Currently in elite competition there is a wide range
of underwater technique strategies used by swimmers
with very little scientific rationale applied in
their selection. Previous empirical testing conducted
by Lyttle et al.1 examined the net force produced
during underwater kicking due to the propulsive
force and active drag. Results were compared to
prone streamlined gliding in order to prescribe
an approximate velocity at which to initiate underwater
kicking. The study assumed the steady state
(constant velocity) condition at which the testing
was conducted, so it limited the applicability
to real swimming where the body is continually
accelerated and decelerated.
A study now underway at the Western
Australian Institute of Sport (WAIS) seeks to discriminate
between the active drag and propulsion
generated in underwater kicking with the goal
of prescribing an optimal kick profile in swim starts
and turns. The use of FLUENT CFD will allow variables
such as the amplitude and frequency of the
kicking movement, as well as the effects at different
velocities and depths, to be examined from
a fluid dynamics perspective. The objective information
gained can be used in technique analysis.
An elite swimmer from the WAIS with a proficient
underwater kicking ability has been filmed
underwater, performing both maximal high amplitude,
low frequency dolphin kicks, and low amplitude,
high frequency dolphin kicks. A CFD model
is being developed that is based on an accurate
3D mapping of the swimmer using a Cyberware
WBX whole body laser scanner. The 3D mapping
will be combined with 2D joint kinematic data
recorded from digitized underwater video footage
of dolphin kicks from the same swimmer. Once the
detailed model is imported into FLUENT, it will be
used to model the fluid flow around the upper body
as well as the animated lower limb in order to differentiate
flow lines and calculate propulsive and
resistive coefficients. The dynamic mesh model in
FLUENT will be used to simulate the movement of the lower limbs. The base of the model will be
set up by defining the individual components as
solid bodies and creating a user-defined function
(UDF) to match the output from the digitized kinematics
data.
During the next phase of the study, alterations
to the inputs and model constraints will be investigated
to examine the effects of variations in underwater
kicking form and technique. The objective
information gained from this type of analysis will equip
the sports scientists with the tools to more accurately
provide advice on technique modifications in order
to gain the extra edge at the elite level.

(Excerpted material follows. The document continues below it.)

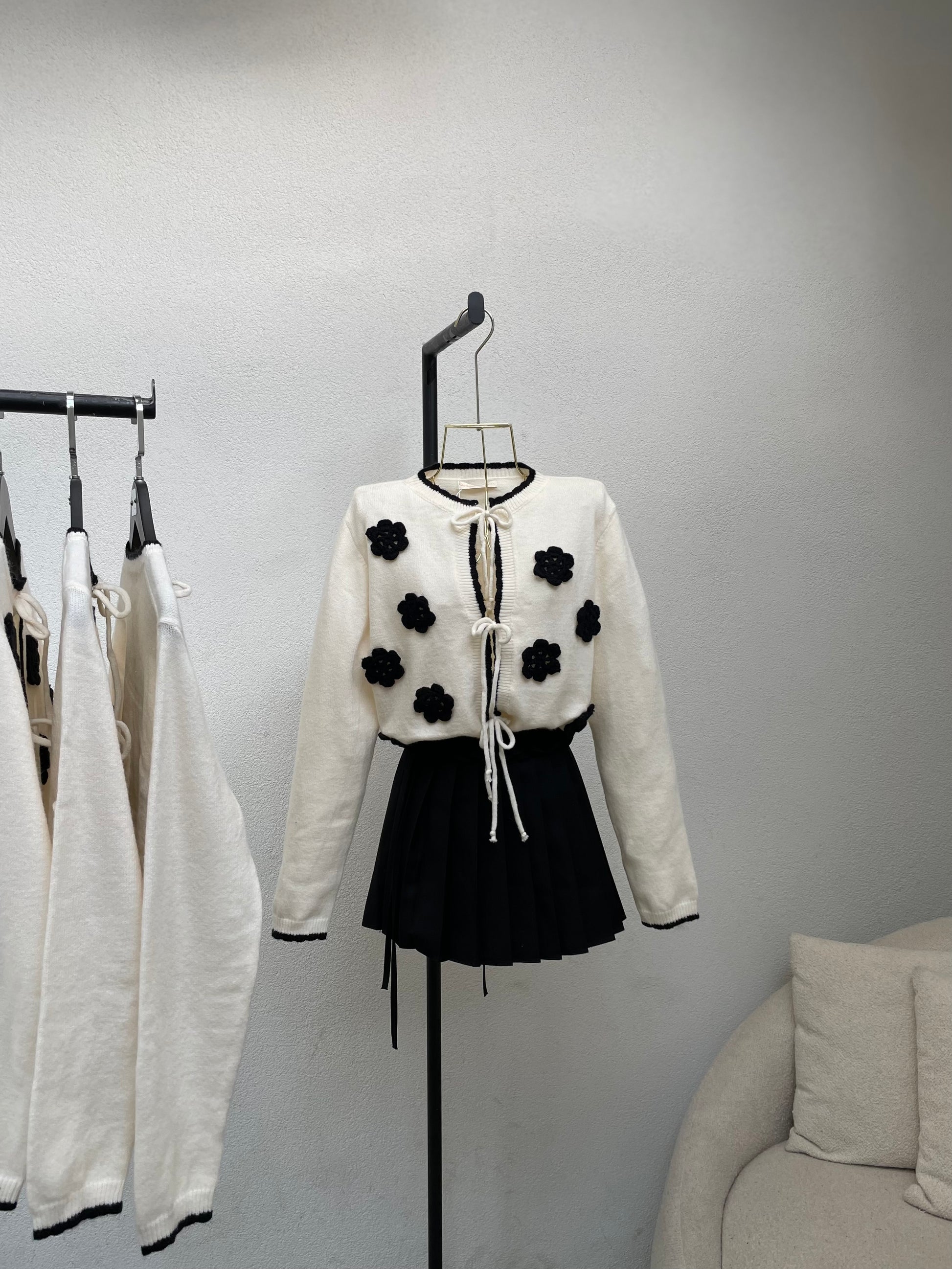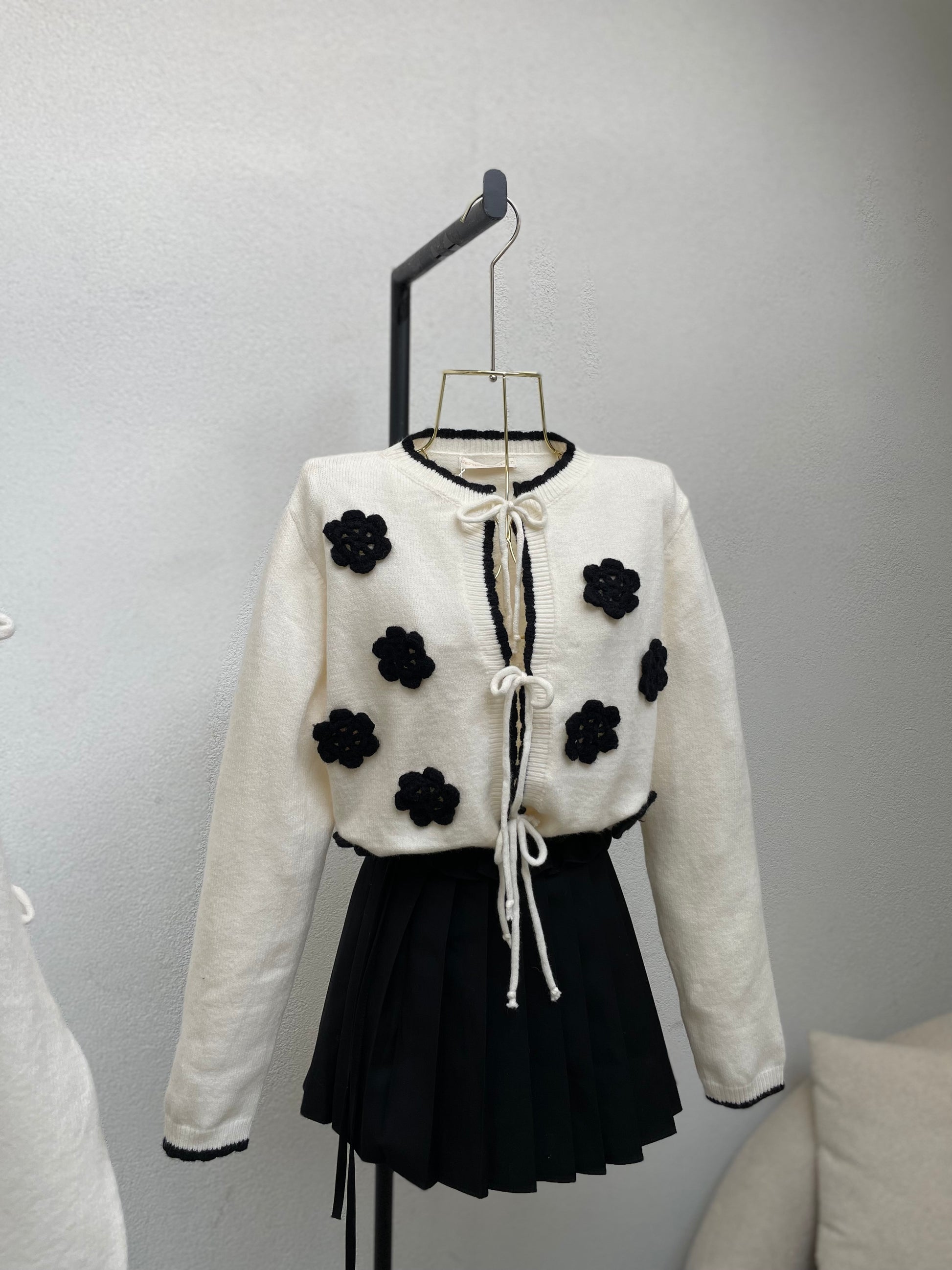 Pulover ne ngjyren bezhe me lidhje fjongo dhe lule te zeza. Vjen ne material te plote , shume e ngrohte. Teper e vecante dhe e kombinueshme.

The authors would like to acknowledge the financial
support of the Western Australian Institute of Sport
and Australian National Elite Sports Council –
Sports Science/Medicine subcommittee for funding
this project.
Reference:
- A.D. Lyttle, B.A.B. Blanksby, B.C. Elliott, and D.G.
Lloyd, Net forces during tethered simulation of underwater
streamlined gliding and kicking techniques of the
freestyle turn, Journal of Sports Science, 18, p.801-807,
2000.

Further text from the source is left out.